Untuk SPBG berkapasitas 1 juta kubik per hari (MMSCFD), biaya investasinya ditaksir mencapai US$1 juta, sementara rata-rata kapasitas SPBG mencapai 1 hingga 5 MMSCFD.

"Kami sudah memikirkan tiga opsi, diantaranya penghitungan margin berdasarkan basis IRR, bekerjasama dengan Badan Usaha Milik Daerah (BUMD) untuk menurunkan cost pembangunan SPBG, serta pembelian Compressed Natural Gas (CNG) sebesar 50 persen dari harga Bahan Bakar Minyak (BBM) bersubsidi," kata Wiratmaja di Jakarta, Rabu (25/11).

Dia menambahkan bahwa pemerintah juga memiliki opsi lain yaitu menaikkan harga BBG dari Rp 3.100 per liter yang sekarang berlaku.

Namun hal itu tidak menjadi prioritas karena dikhawatirkan akan menjadi disinsentif bagi konsumen BBG.

"Kalaupun kami tingkatkan harga BBG, kami akan mempertimbangan aspek harga gas bumi di lapangan serta nilai tambah pemanfaatan gas bumi di dalam negeri. Hanya itu saja yang menjadi konsiderasi Kementerian ESDM," ujarnya.

Lebih lanjut, ia berharap formulasi baru margin usaha SPBG ini bisa selesai setelah Kementerian ESDM merevisi Peraturan Menteri ESDM no. 37 tahun 2015 tentang Ketentuan dan Tata Cara Penetapan Alokasi dan Pemanfaatan Serta Harga Gas Bumi pada Oktober lalu.

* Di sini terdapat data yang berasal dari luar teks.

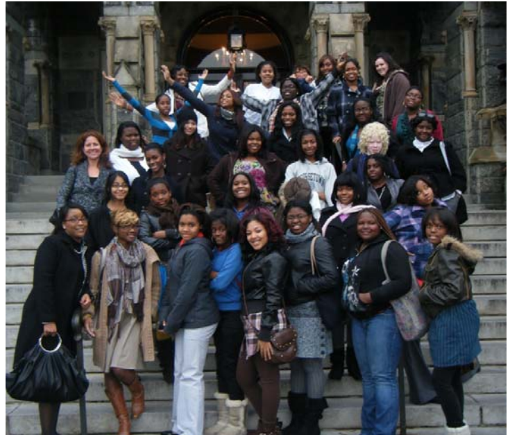
The 2009 College Tour took the WINS to Trinity College, Howard University, George Washington University, Georgetown University and University of Maryland Baltimore County. The WINS can be seen above on the steps of the Healy Building in Georgetown which dates from 1789.

Peraturan ini menetapkan bahwa penggunaan gas bagi transportasi akan menjadi prioritas alokasi penggunaan gas bumi setelah lifting, pupuk, bahan bakar, dan kebutuhan rumah tangga.

"Meskipun proporsi penggunaan gas bagi kendaraan masih kecil, tapi persebarannya banyak dan bisa memiliki dampak yang besar. Sejauh ini, kami pun mencatat banyak investor swasta yang berminat masuk ke pengusahaan SPBG, tapi hampir semua keluhannya adalah masalah margin usaha," tuturnya tanpa memberitahu nama-nama investor yang dimaksud.

Kementerian ESDM memperkirakan kebutuhan gas dalam negeri sebesar 9.613 MMSCFD pada tahun 2015, dan kebutuhan gas bagi kendaraan mengambil proporsi 0,49 persen atau sebesar 47,2 MMSCFD.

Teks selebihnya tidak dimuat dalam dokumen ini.